# Favorite Performance of Liszt's Sonata in B minor



## Lukecash12 (Sep 21, 2009)

If you know me from before, than you can well guess that my favorite pianist for this piece is Sofronitsky, given that he's known for this piece.

My favorite recording was a live one from 1960.

Here is the performance and the smallest sized download of the sheets from imslp:
















http://imslp.info/files/imglnks/usi...iszt_-_S178_Sonata_in_B_minor__Breitkopf_.pdf


----------



## Sid James (Feb 7, 2009)

Well I haven't heard that many performances of this seminal work, but *Horowitz's *classic interpretation from the 1930's does the job for me. Quite dark, brooding & epic. I haven't checked whether it's on youtube. Here's the EMI disc, which also has him playing _Funerailles_, as well as works by Chopin, Schumann & Debussy...


----------



## science (Oct 14, 2010)

I've only heard Argerich, Pogorelich, and Zimerman, and I love them all. I think you can't go wrong.

The Zimerman disk includes Nuages gris.


----------



## HarpsichordConcerto (Jan 1, 2010)

Leslie Howard.


----------



## World Violist (May 31, 2007)

Argerich is quite good (lulling a bit in some places... her's is the only recording I've heard, though), but I saw a remarkable performance at a student graduate recital at IU. It was astonishing.


----------



## Vaneyes (May 11, 2010)




----------



## Rasa (Apr 23, 2009)

Helene Grimaud, live at BoZar in Brussels last year.


----------



## Orange Soda King (Sep 14, 2010)

World Violist said:


> Argerich is quite good (lulling a bit in some places... her's is the only recording I've heard, though), but I saw a remarkable performance at a student graduate recital at IU. It was astonishing.

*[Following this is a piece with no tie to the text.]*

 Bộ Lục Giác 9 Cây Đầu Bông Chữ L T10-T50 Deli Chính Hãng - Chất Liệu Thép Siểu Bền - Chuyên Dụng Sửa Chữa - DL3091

That student gave me a recording of her playing it if you'd like it sometime, along with Ravel Ondine and Beethoven Sonata Op. 109. 

I do like Argerich's recording a whole lot. Hamelin has a live performance on YouTube that surprised me with how good it was (don't know if I can call it my favorite), and John Ogdon also has a live performance that I enjoyed a whole lot.

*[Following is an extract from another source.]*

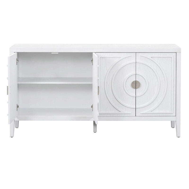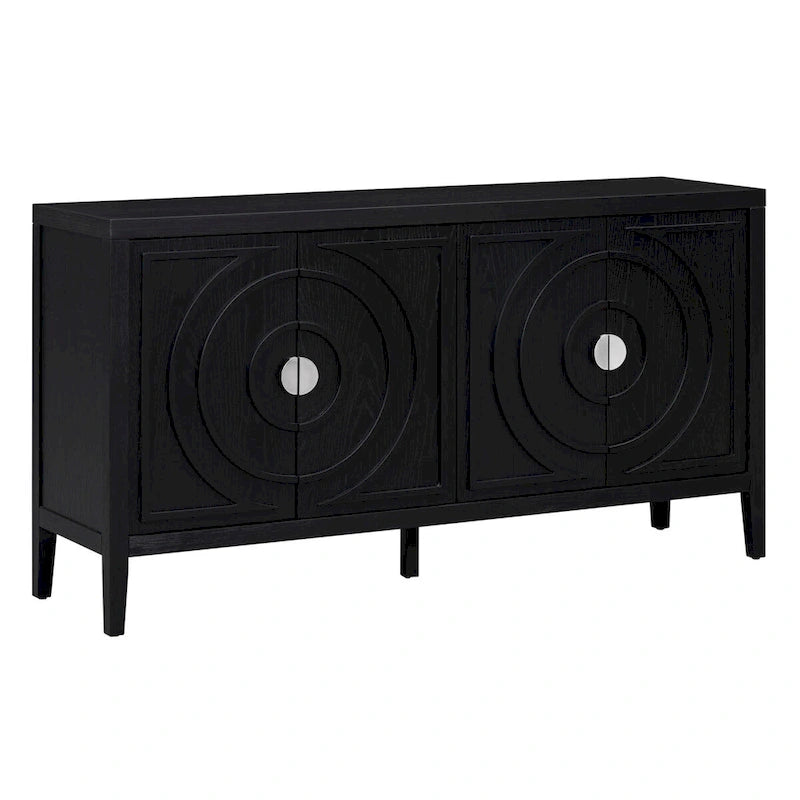 - Retro sideboard with rounded lines on four doors creates a dimensional aesthetic, ideal for kitchen, entryway, or living room.

This year, Hamelin has a studio recording of the Liszt B Minor Sonata, along with the Fantasy and Fugue on B-A-C-H, Bénédiction de Dieu dans la solitude, from Harmonies poétiques et religieuses, S173, Venezia e Napoli (which there are other live performances on YT of Hamelin playing, which I think is one of his best pieces that he plays).

Ogdon also has a CD of the two popular Liszt concerti and the B Minor Sonata, but I have not heard these yet. Has anyone heard Ogdon's studio recording of the Sonata?


----------